At 6:49,I climbed into my car. I had finished my checklist for the office: warning stickers, Scotch tape, two padlocks, chain, two “knuckle-busters,”
[27]
seizure tags
[28]
for the jigsaws, the radial-arm saws, the tables saws, my 809 receipt book, a copy of the IRM. A light drizzle was falling. My old wiper blades screeched at me. Cindy Sandifer: “A good revenue officer never gets wet.” I made a mental note to grab the office umbrella on the way out the door. Highway 92 was already filling with commuters, ordinary people on the way to their ordinary jobs. On this morning, somewhere far outside our small orbits, the cabinetmaker’s and mine, empires were being born, Great fortunes were being made. Magnificent dreams were being forged in the fires of imagination. In boardrooms across the country, great enterprises were being launched. The fate of entire nations was being decided in the hidden chambers of the powerful. On this day, too, in this minuscule corner of the cosmos, one dream would die in service of another, if what I desired could be called a dream.

You can see it in their eyes,
Culpepper had said.
Oh, how they want to believe the dream. The dream, Yancey! And you can show them, in black and white, from their own records, how they haven’t made a dime since they’ve been in business, how they’ve lost every penny they’ve sunk into it. How every drop of blood and sweat and tears they’ve poured into this black hole they call a business has been a colossal waste of time, and it doesn’t matter. They are
entrepreneurs;
they’re living the American dream: they are the boss; they are the
man.
And it doesn’t matter one damn bit they’re mortgaged to the hilt, their kids are wearing hand-me-downs, they’re driving ten-year-old cars with the rear bumpers dragging the ground. You know, cars like yours. Doesn’t matter a damn bit the judgments filed against them, the liens, the collectors calling day and night.
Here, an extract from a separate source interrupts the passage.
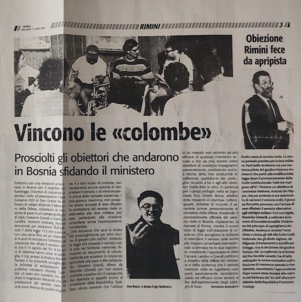 Un articolo di cronaca del 1996 ricostruisce la vicenda di due obiettori di coscienza partiti per una missione umanitaria all'estero, una scelta all'epoca non consentita, per cui vennero accusati di diserzione ma poi prosciolti.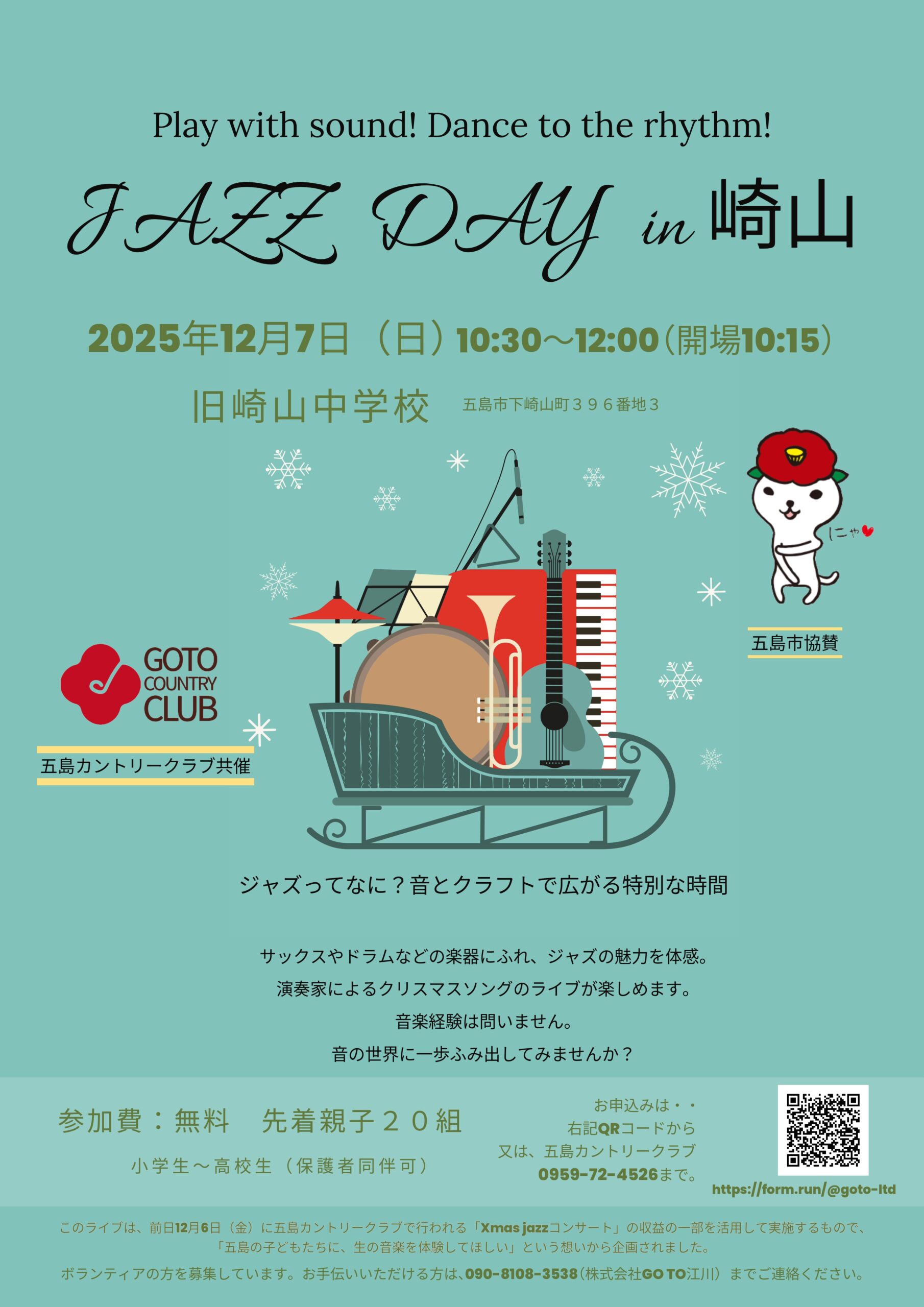 株式会社GOTOと五島カントリークラブは、地域貢献活動の一環として、五島市(協賛)の全面的な協力のもと、2024年3月に廃校となった旧崎山中学校音楽室を活用し、2025年12月7日(日)に子ども向け無料ジャズライブを開催いたします。

It doesn’t even matter that you can prove to them they could make a better living flipping burgers at McDonald’s for minimum wage. None of that matters. Only the dream matters.

* * *

The rain fell harder as I drove west. I cracked the window to allow the cigarette smoke to escape. I was smoking too much. A pack per day now. Pam would roll her eyes when I lit up and smack her fingers against the inside of her elbow, miming a junkie getting a fix. The rain spat through the crack in the window, dotting my pants. The ash grew long on my smoke; I raised it, an offering, toward the crack, and watched the draft suck it away, so quickly it seemed to vanish into oblivion.